Try it - Please begin with the line containing "In the bathrooms, new" and reproduce each line exactly until the records below end, without any pictures.

Listed records -
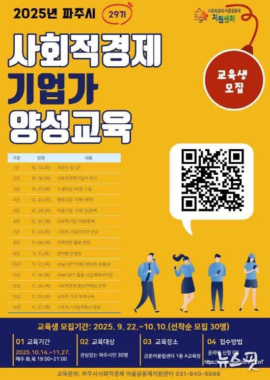 (뉴스핏 = 김호 기자) 파주시는 사회적가치 실현을 위한 사회적경제 생태계 확산을 목표로 ‘2025년 하반기 사회적경제 기업가 양성 교육’을 운영한다.
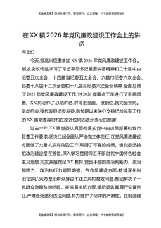 在XX镇2026年党风廉政建设工作会上的讲话.docx
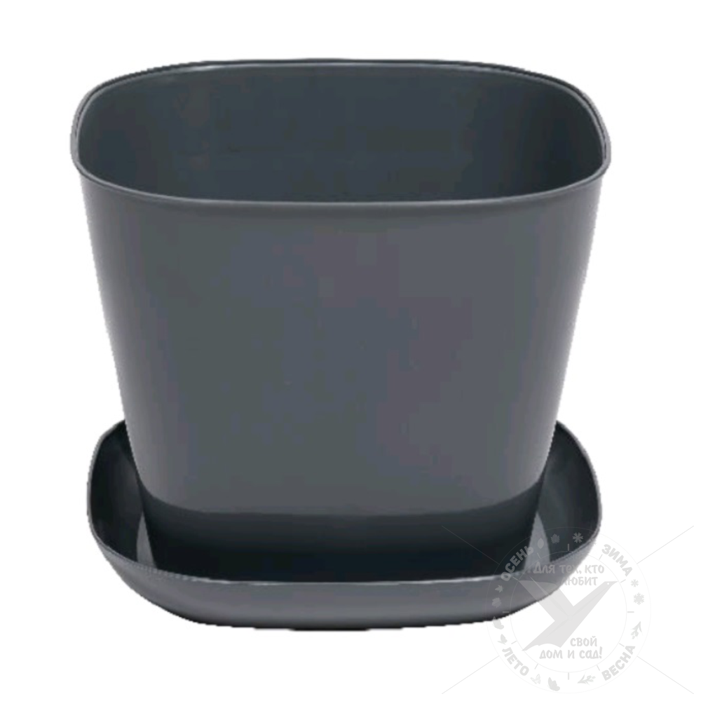 Кашпо квадратное, 1,3 л, серое
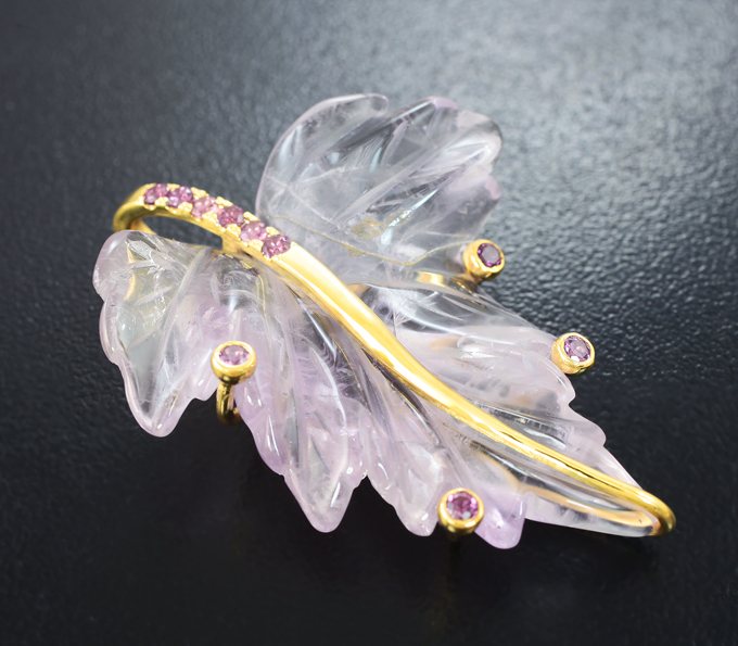 Кулон с резным аметистом 39,85 карата и родолитами гранатами
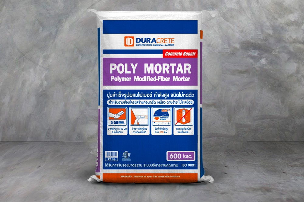 ปูนสำเร็จรูปผสมไฟเบอร์ สำหรับฉาบซ่อมงานทั่วไป ชนิดไม่หดตัว ผสมเส้นใยไฟเบอร์ (Poly Propylene Fiber) และ โพลิเมอร์ที่มีคุณสมบัติพิเศษ เพิ่มการยึดเกาะ ต้านการ ไหลย้อย ไม่หดตัวเมื่อแห้ง (Shrinkage Compensated) ทนทานต่อการขัดสี ทนทานต่อการกัดกร่อนของน้ำทะเล ให้การยึดเกาะได้ดีเยี่ยมกับคอนกรีตโครงสร้างค่าการดูดซึมน้ำต่ำ ลดการเกิดสนิมของเหล็กสูงฉาบง่าย ลดการแตกร้าวของผิว
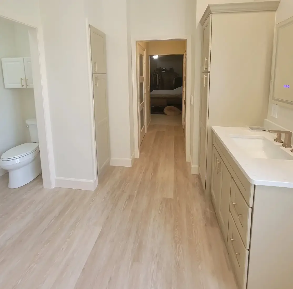 In the bathrooms, new Matte Black lighting and plumbing fixtures were installed, and the master bath vanity was the only other item changed.
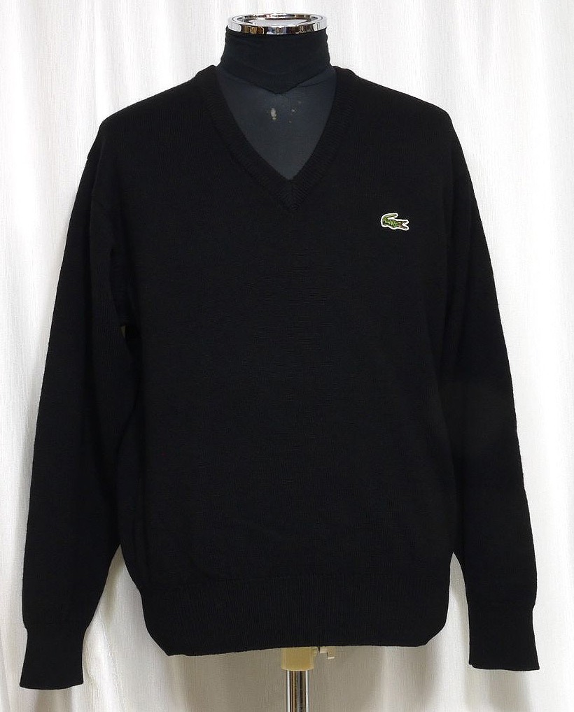 > ☆希少 美品 80s CHEMISE LACOSTE ラコステ メンズ ウール ニット セーター V首 サイズ4 実寸やや大きめM位 ブラック

Solution to this exercise -
 In the bathrooms, new Matte Black lighting and plumbing fixtures were installed, and the master bath vanity was the only other item changed.
 > ☆希少 美品 80s CHEMISE LACOSTE ラコステ メンズ ウール ニット セーター V首 サイズ4 実寸やや大きめM位 ブラック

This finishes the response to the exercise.